Hey everyone! I'm a newbie from Portland, Tx. I'm currently in the market for a my first sailboat. I have pretty limited experience, so I'm taking lessons to refresh what I learned in Scouts. 

I'm 28, and have two children. Ideally, I was thinking that a 30ft sloop, (maybe an Islander, or a Columbia) would be something myself and my family could grow into. Eventually, (years from now) I'd like to cross the Gulf to the islands so I'm looking for a boat that will be seaworthy enough for that. 

I'm open to any advice the venerable members have to impart. 

BTW, I would love to meet some local guys and gals to go daysailing and shorten the learning curve I have ahead of me, as well as get to know some new people. 


-Kenny


----------



## rgscpat (Aug 1, 2010)

Aaarr, Kenny, welcome aboard. I grew up in the lower Rio Grande Valley (McAllen and South Padre) and occasionally visit the Texas coast. One of my friends has a boat at Aransas Pass/North Padre. Pat


----------



## GulfCoastPirate (Oct 27, 2010)

Thanks Pat! I grew up in NE TX But this has always been home to me. I got the chance to move back last fall and here I am. 

FWIW, I'm going to look at an 1967 Islander 26 today... 

-Kenny


----------



## GulfCoastPirate (Oct 27, 2010)

Just bought an '83 Islander 28!


----------



## AlanGSYS (Aug 11, 2010)

Hard to beat a Catalina 30 for coastal cruising and the Bahamas. Wouldn't take her to Bermuda though!


----------



## GulfCoastPirate (Oct 27, 2010)

Well, I did look at a Catalina 27 but it was just in need of too much.


----------



## Ramin (Dec 31, 2010)

Im a newbie too. I am looking at a Hunter 31(1987). I have searched many different kinds in the $25000 price range and that year model and make are the best I can find with all the bells and whistles I can afford. Maybe you can look at some of those although they are getting harder to find.

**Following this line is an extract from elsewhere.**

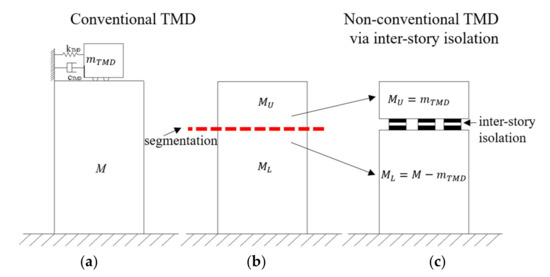 Recent studies have demonstrated that TMD control performances and robustness can be strongly enhanced by increasing its mass [2,3]. Research has proven inter-story isolation to be an effective method to achieve passive control of structural vibrations. The idea of applying partial isolation for original structures dates back to some decades ago [4,5]. The technique, compatible with applications on new buildings as well as retrofit interventions, consists of the insertion of isolators in the columns of multi-story buildings at floor level, resulting in the creation of a non-conventional TMD system, characterized by a high mass ratio without adding further structural masses (Figure 1b,c). Compared to traditional TMD devices, inter-story isolation ensures realization simplicity, minimum impact on target buildings, and contained construction and maintenance costs.

Oh...and I am in the Kemah area around Galveston. I sometimes travel the coast for work, and maybe we can link up to look at the new boat when you get it.


----------



## Ramin (Dec 31, 2010)

*Sorry,*

Sorry. I just saw you got the Islander. I'm still getting used to the threads and the way these forums work. Congrats on the boat tho.


----------



## rgscpat (Aug 1, 2010)

*welcome*

Welcome, Ramin! Kemah used to be another of my old stomping grounds and I still have cousins and friends in the region.


----------



## lobstahpotts (Jan 1, 2011)

Congratulations on the boat! I'm sure you'll enjoy many great sails. It's a good size to get comfortable on and cruise with kids, growing up my family of 5 did many two week cruises on our '82 Cape Dory 30, Andronikos (#243) and made it work well. You'll find out what works for you quickly and should have no problem making to move to a larger boat if offshore cruising be your ambition and finances be not your problem. We almost got an Islander 30 instead of our current Cape Dory, but the allure of what I grew up with was just too much. You're in a fine model. Best of luck, fair winds and following seas!


----------